Shell has wrapped up the $2.4 billion sale of its main Nigerian onshore business to a consortium of largely indigenous companies after securing all the regulatory green lights.
The consortium of consists of domestic upstream players – ND Western, Aradel Energy, First E&P and Waltersmith, plus trading company Petrolin.
Completion of the transaction was in jeopardy in October, when the Abuja-based government declined to sanction it, arguing that it did not meet certain regulatory requirements.
However, in December, the Renaissance deal received presidential assent.
This approval occurred at the same time that Shell took a final investment decision on its long-delayed Bonga North project offshore Nigeria, targeting first oil by the end of the decade, much longer than a subsea project of this scale would normally take.
As a result of the deal now being done and dusted, SPDC’s name will be called Renaissance Africa Energy Company Limited.
Tony Attah, managing director and chief executive officer of Renaissance Africa said: “We and our shareholder companies are pleased that the federal government has given the green light for this milestone acquisition in line with the provisions of the Petroleum Industry Act.”

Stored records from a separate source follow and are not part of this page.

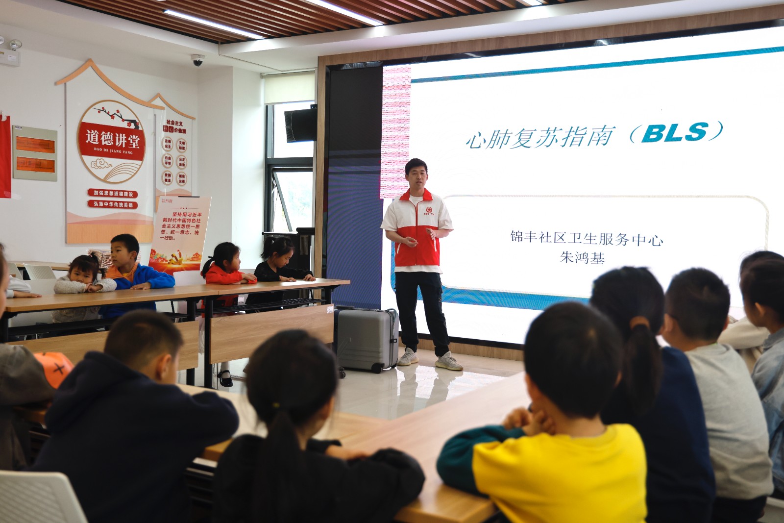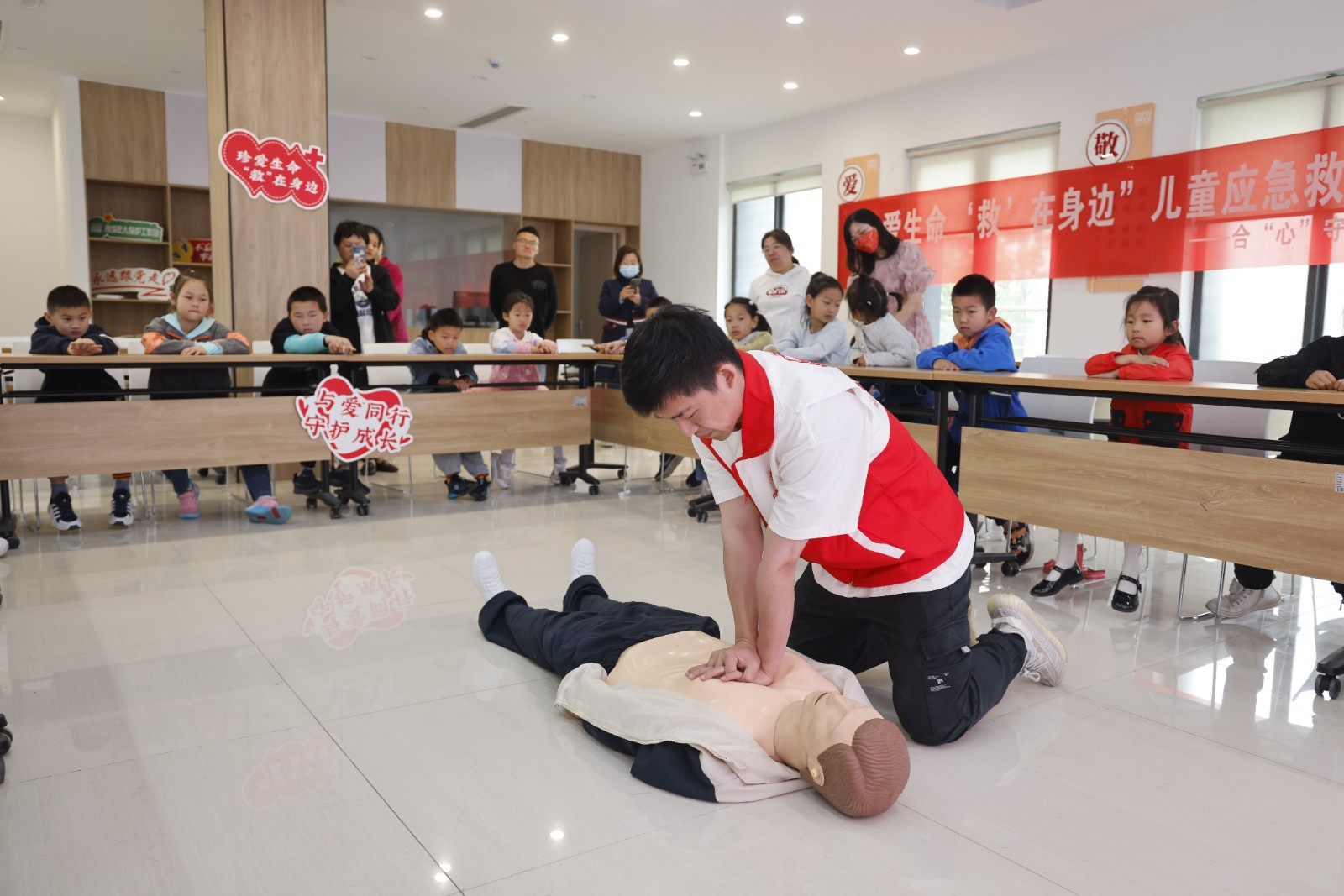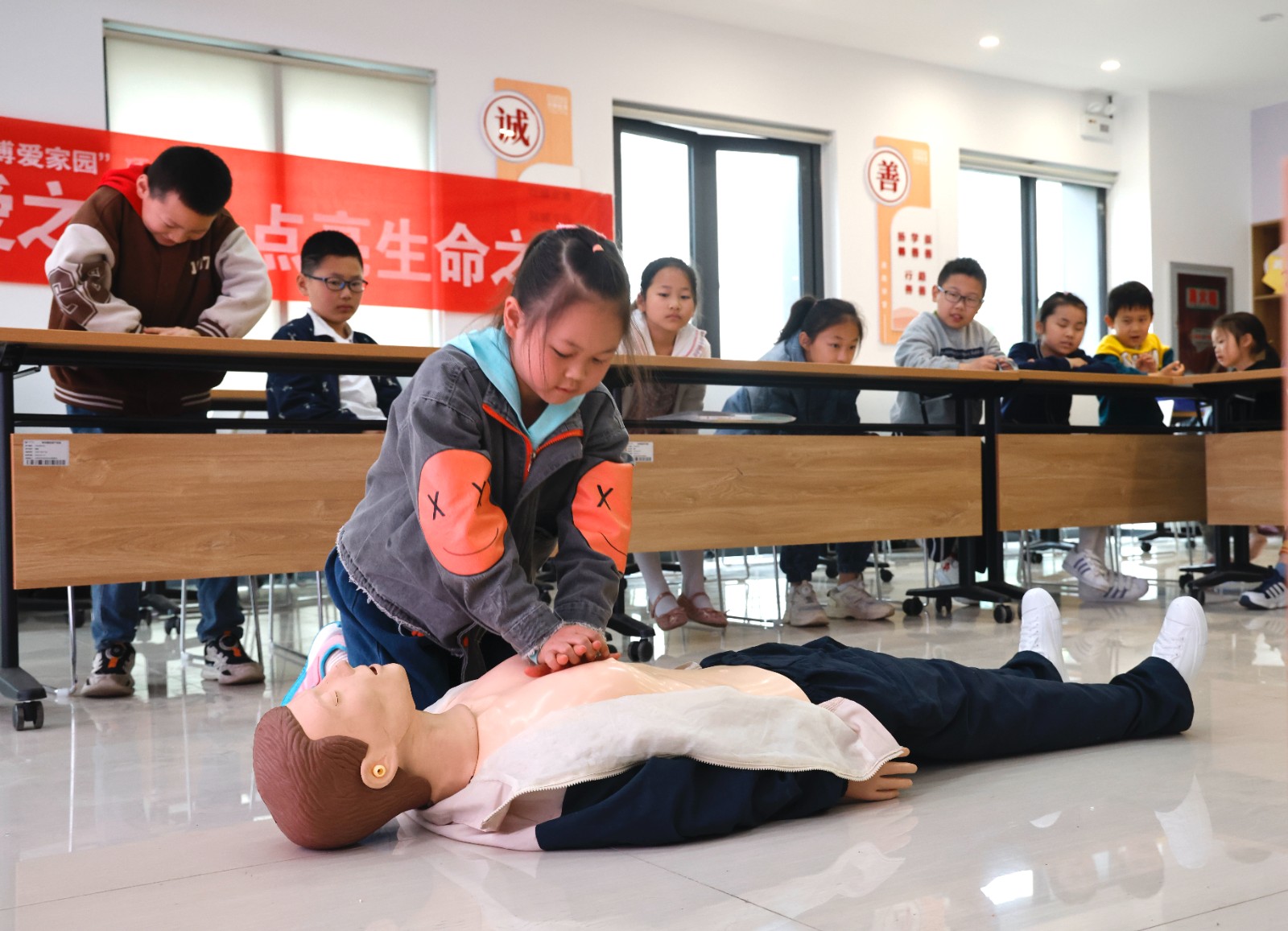 随后,来自锦丰镇卫生服务中心的红十字志愿者朱鸿基医生利用PPT直观讲解情景模拟、列举实例、实际操作等方式为孩子们普及心肺复苏、气道异物梗阻的急救知识和技能。在情境模拟环节,孩子们有条不紊地对急救假人实施现场评估、脉搏检查、胸外按压、开放气道、人工呼吸等心肺复苏步骤以及当有异物卡喉时如何自救等方法。
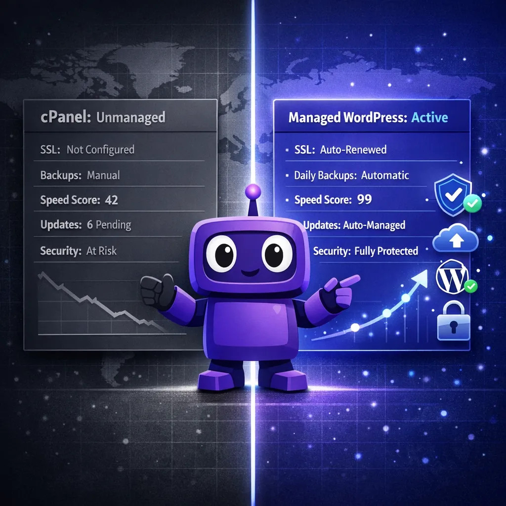 Manage your digital presence effortlessly. Use our clean control panel to deploy new WordPress sites, monitor resource usage, control site status, and manage backups all in one place.
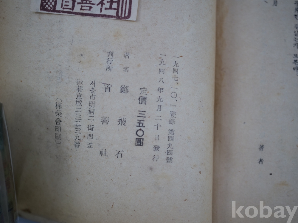 * 정비석/수선사/1948년(초판)/244쪽 판권지최상 |
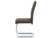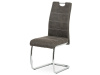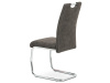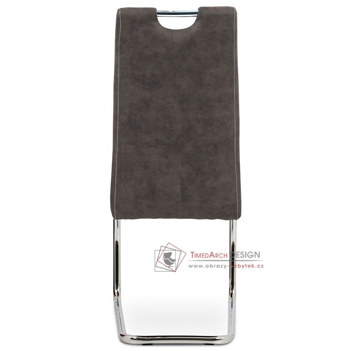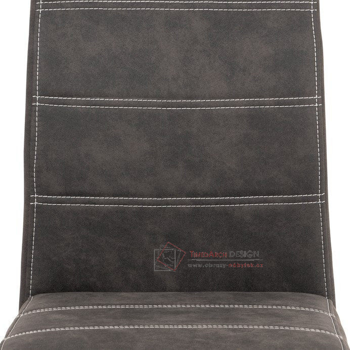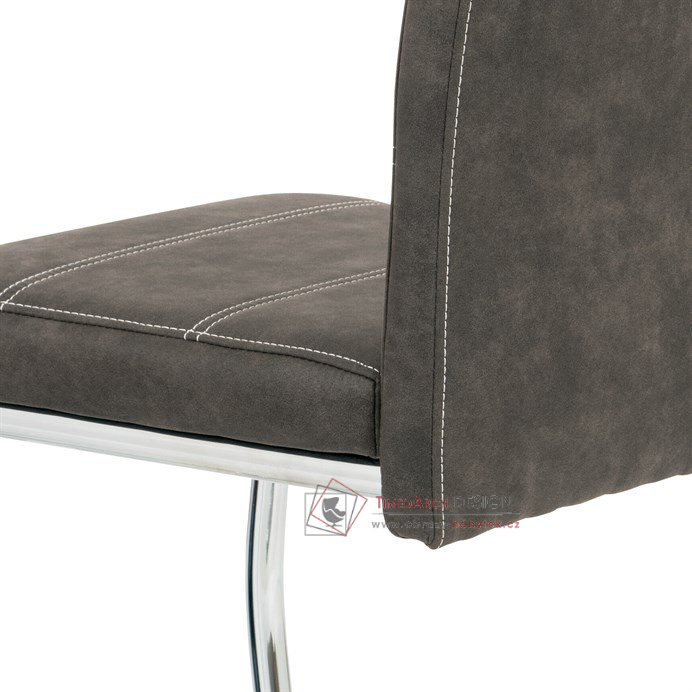 Moderní jídelní židle je čalouněná příjemnou hnědou látkou „COWBOY“ imitující broušenou kůži s dekorativním bílým prošitím sedáku i opěráku.

Shell said the sale aligns with the supermajor’s intent to simplify its presence in Nigeria by exiting onshore oil production in the Niger Delta and focus on future “disciplined investment” in its deepwater and integrated gas positions” in the country.
Renaissance now controls SPDC’s 30% stake in the SPDC joint venture, an unincorporated joint venture in which state-owned NNPC holds a 55% stake, TotalEnergies has a 10% interest and Eni controls 5%.
Shell said no “significant impairments” are expected as a result of completion of the transaction.